= Self-shrinking generator =

Form of pseudorandom number generator

A self-shrinking generator is a pseudorandom generator that is based on the shrinking generator concept. Variants of the self-shrinking generator based on a linear-feedback shift register (LFSR) are studied for use in cryptography.

==Algorithm==

In difference to the shrinking generator, which uses a second feedback shift register to control the output of the first, the self-shrinking generator uses alternating output bits of a single register to control its final output. The procedure for clocking this kind of generator is as follows:

1. Clock the LFSR twice to obtain a pair of bits as LFSR output.
2. If the pair is 10 output a zero.
3. If the pair is 11 output a one.
4. Otherwise, output nothing.
5. Return to step one.

==Example==

This example will use the connection polynomial x^{8} + x^{4} + x^{3} + x^{2} + 1,
and an initial register fill of 1 0 1 1 0 1 1 0.

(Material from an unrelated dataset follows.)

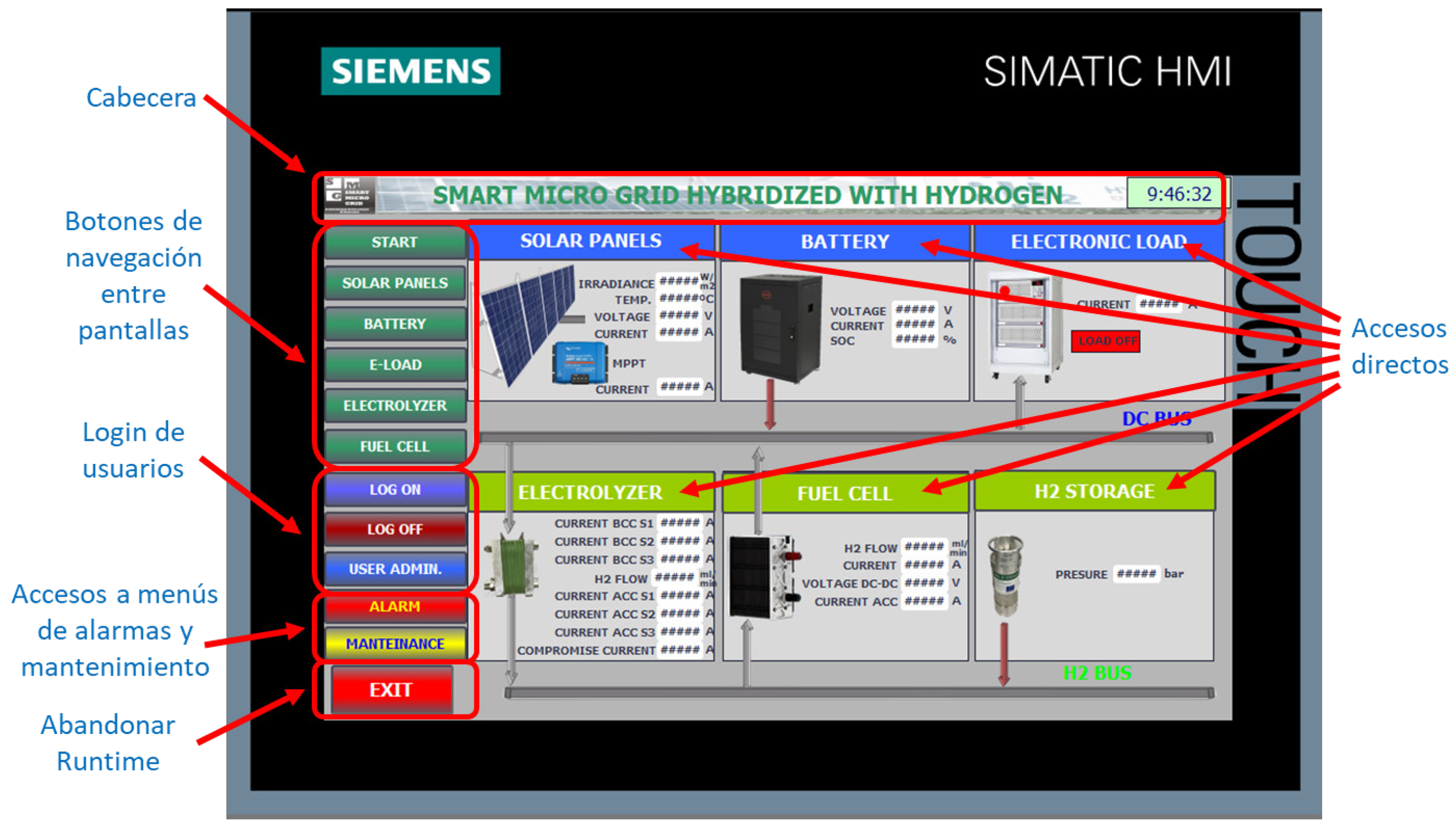 Figure 7, the screen is divided into 6 distinct sections in several independent blocks for direct access to each subsystem. Additionally, to provide a more intuitive identification of the overall status of the SMG, arrows have been included in the synoptic diagram connected to the electric and hydrogen buses to indicate the active flows and their direction. The buses are always shown as active, and the arrows are displayed depending on the conditions of the electrical energy or H2 flows.

Below table lists, for each iteration of the LFSR, its intermediate output before self-shrinking, as well as the final generator output. The tap positions defined by the connection polynomial are marked with blue headings. The state of the zeroth iteration represents the initial input.

| Iteration # | 8 | 7 | 6 | 5 | 4 | 3 | 2 | 1 | Intermediate output | Generator output |
| 0 | 1 | 0 | 1 | 1 | 0 | 1 | 1 | 0 | N/A | N/A |
| 1 | 1 | 1 | 0 | 1 | 1 | 0 | 1 | 1 | 0 | N/A |
| 2 | 1 | 1 | 1 | 0 | 1 | 1 | 0 | 1 | 1 |
| 3 | 1 | 1 | 1 | 1 | 0 | 1 | 1 | 0 | 1 | 0 |
| 4 | 1 | 1 | 1 | 1 | 1 | 0 | 1 | 1 | 0 |

At the end of four iterations, the following sequence of intermediate bits is produced: 0110.

The first pair of bits, 01, is discarded since it does not match either 10 or 11.
The second pair of bits, 10, matches the second step of the algorithm, so a zero is output.

More bits are created by continuing to clock the LFSR and shrinking its output as described above.

==Cryptanalysis==

As with the shrinking generator, the self-shrinking generator is vulnerable to timing attacks since the output rate varies depending on the state.

In their paper, Meier and Steffelbach prove that a LFSR-based self-shrinking generator with a connection polynomial of length L results in an output sequence period of at least 2^{L/2}, and a linear complexity of at least 2^{L/2-1}.

Furthermore, they show that any self-shrinking generator can be represented as a shrinking-generator. The inverse is also true:
Any shrinking generator can be implemented as a self-shrinking generator, although the resultant generator may not be of maximal length.

An attack presented by the authors requires about 2^{0.7L} steps, assuming a known connection polynomial.

A more advanced attack, discovered by Mihaljević, is able to break a register a hundred bits in length in around 2^{57} steps, using an output sequence of only 4.9 × 10^{8} bits.

Another attack requires 2^{0.694L} steps.